29.0.168.192.in-addr.arpa.                PTR       robinresource2.example.com.
129.0.168.192.in-addr.arpa.               PTR       robinresource3.example.com.

What good is that?

This enforced strict 1:1 between A & PTR while also ensuring all network resources were unique - while still allowing us to make round-robin DNS records. This had the additional benefit that when a machine was retired (say, "robinresource1.example.com.") it forced the removal of the matching PTR - and since now the target of the ALIAS no longer existed, also made sure that the machine was removed from the round-robin. So a removal would actually result in something like this:

available-192-168-0-129.ips.example.com.  A         192.168.0.129
robinresource1.example.com.               A         192.168.0.1
robinresource2.example.com.               A         192.168.0.29
roundrobin.example.com.                   ALIAS     robinresource1.example.com.
roundrobin.example.com.                   ALIAS     robinresource2.example.com.
;; or:
1.0.168.192.in-addr.arpa.                 PTR       robinresource1.example.com.
29.0.168.192.in-addr.arpa.                PTR       robinresource2.example.com.
129.0.168.192.in-addr.arpa.               PTR       available-192-168-0-129.ips.example.com.

New DHCP

How does this help with DHCP records though? Wasn't that a big part of the original problem? Yes, it was. Now that I realized I could make up my own DNS record-types and enforce strict standards on them - a new record type (in our source files) was created: "KS" - for "kickstart". It was evaluated to match strict regular expressions and had requirements like:

You can only have a KS record if there is already a corresponding A record (No use booting a machine w/o ability to have its own IP)
The KS record must hold the MAC of the machine (This will become useful for kickstart/DHCP)
The KS record mentions any custom hardwrae, partitioning, drivers, etc that the machine needs.

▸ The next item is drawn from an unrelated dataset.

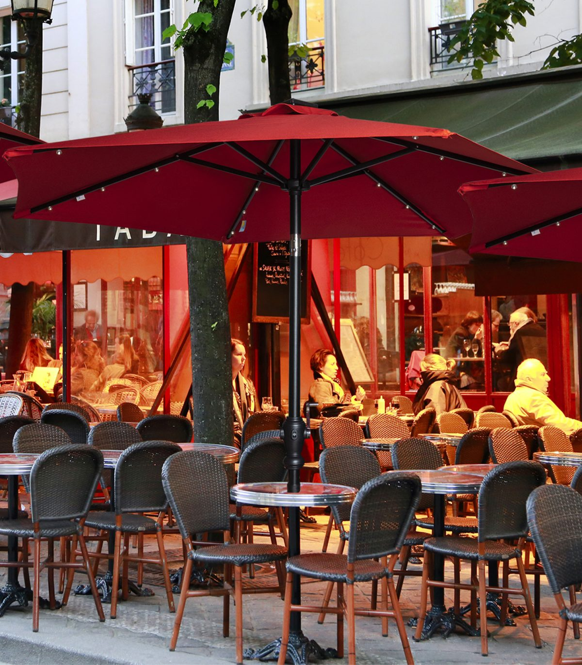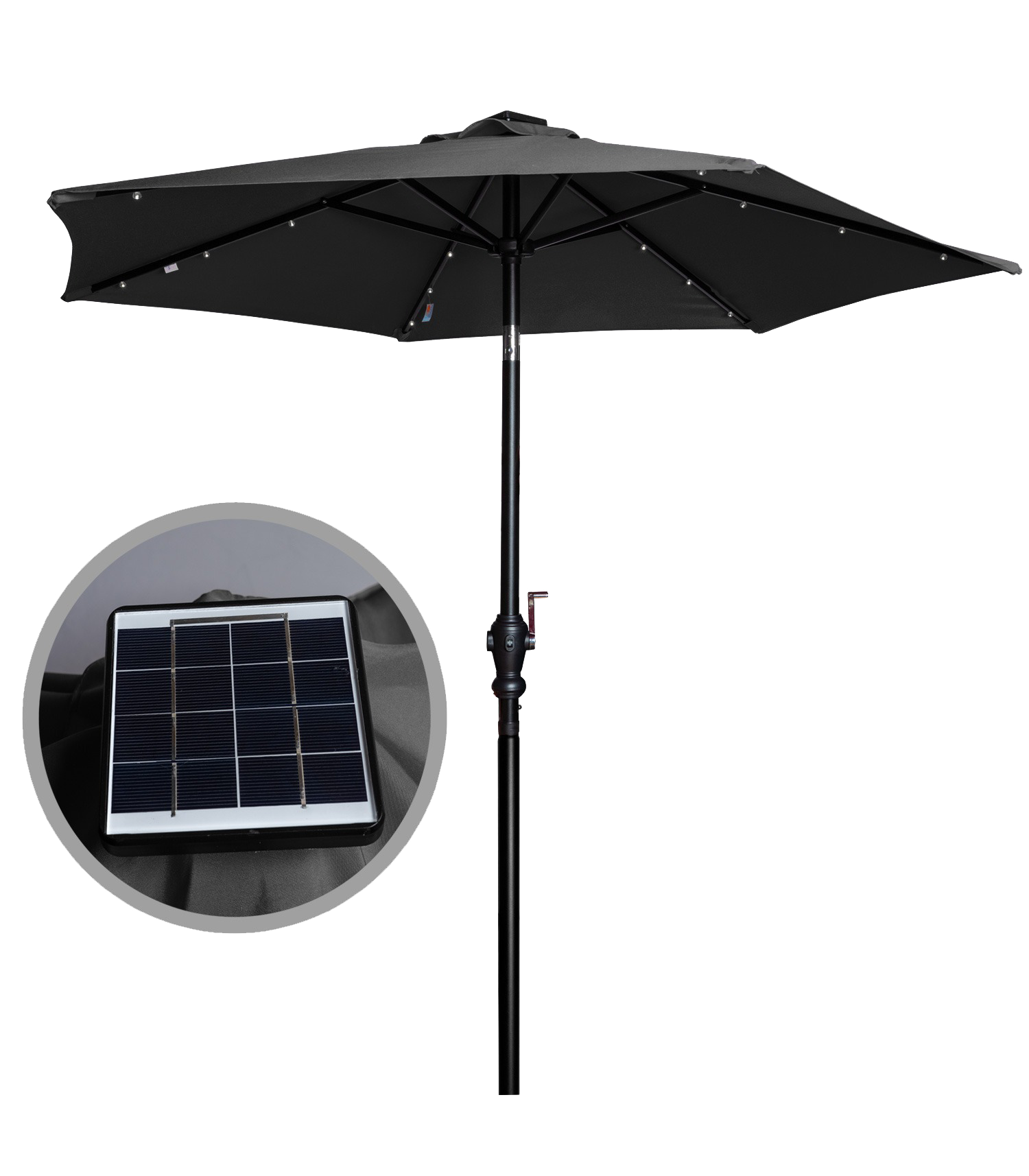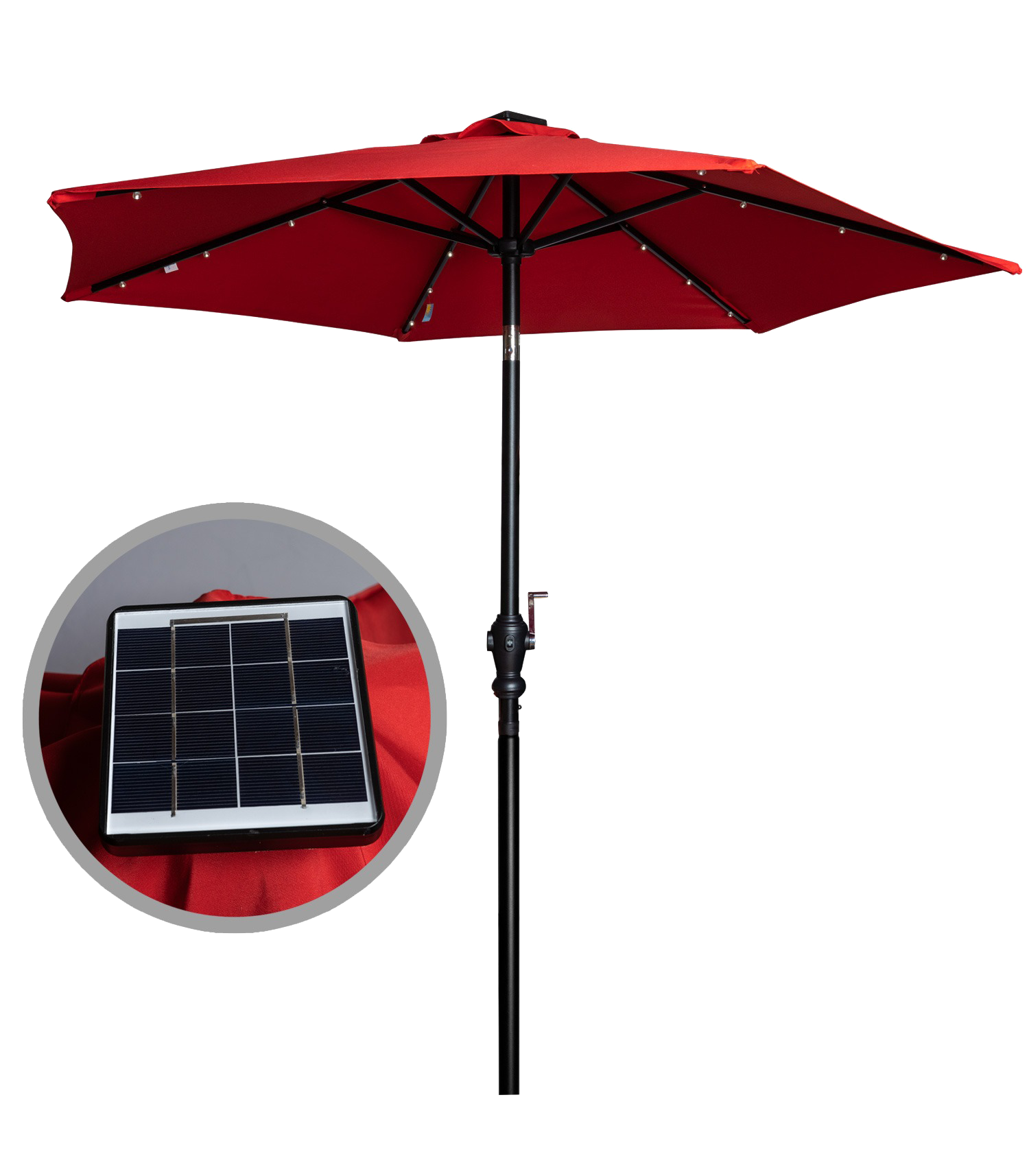 Light up your dining! This market umbrella features solar-charged LED lights on the inside of the canopy, brightly illuminating the area underneath. The hand crank mechanism makes it easy to open and close, and the tilting frame allows you to achieve the best shade angles as the sun moves through the day. Built in battery system provides approximately 4 hours of light up time.

Thus, at this time you may have something in the DNS source file like:

simpleserver.example.com.                 A         192.168.0.88
simpleserver.example.com.                 KS        "hw=atom|part=bigdisk1|mac=00:22:4d:7c:1a:16|os=openbsd"

The git hook would find the 'KS' record type and split apart each value to make sure all the key=value arguments present were valid and reject it otherwise. When zone_data.py evaluated a KS record it simply changed it into a TXT record. When a DHCP/kickstart machine queried for the same salt external pillar that built the DNS zones - it instead received all the information necessary to build its own dhcpd.conf.

So just like that, we no longer needed to modify both DNS and DHCP to get a machine online. A change to the source files for DNS would both make the machine have A & PTR records, as well as be added to the DHCP.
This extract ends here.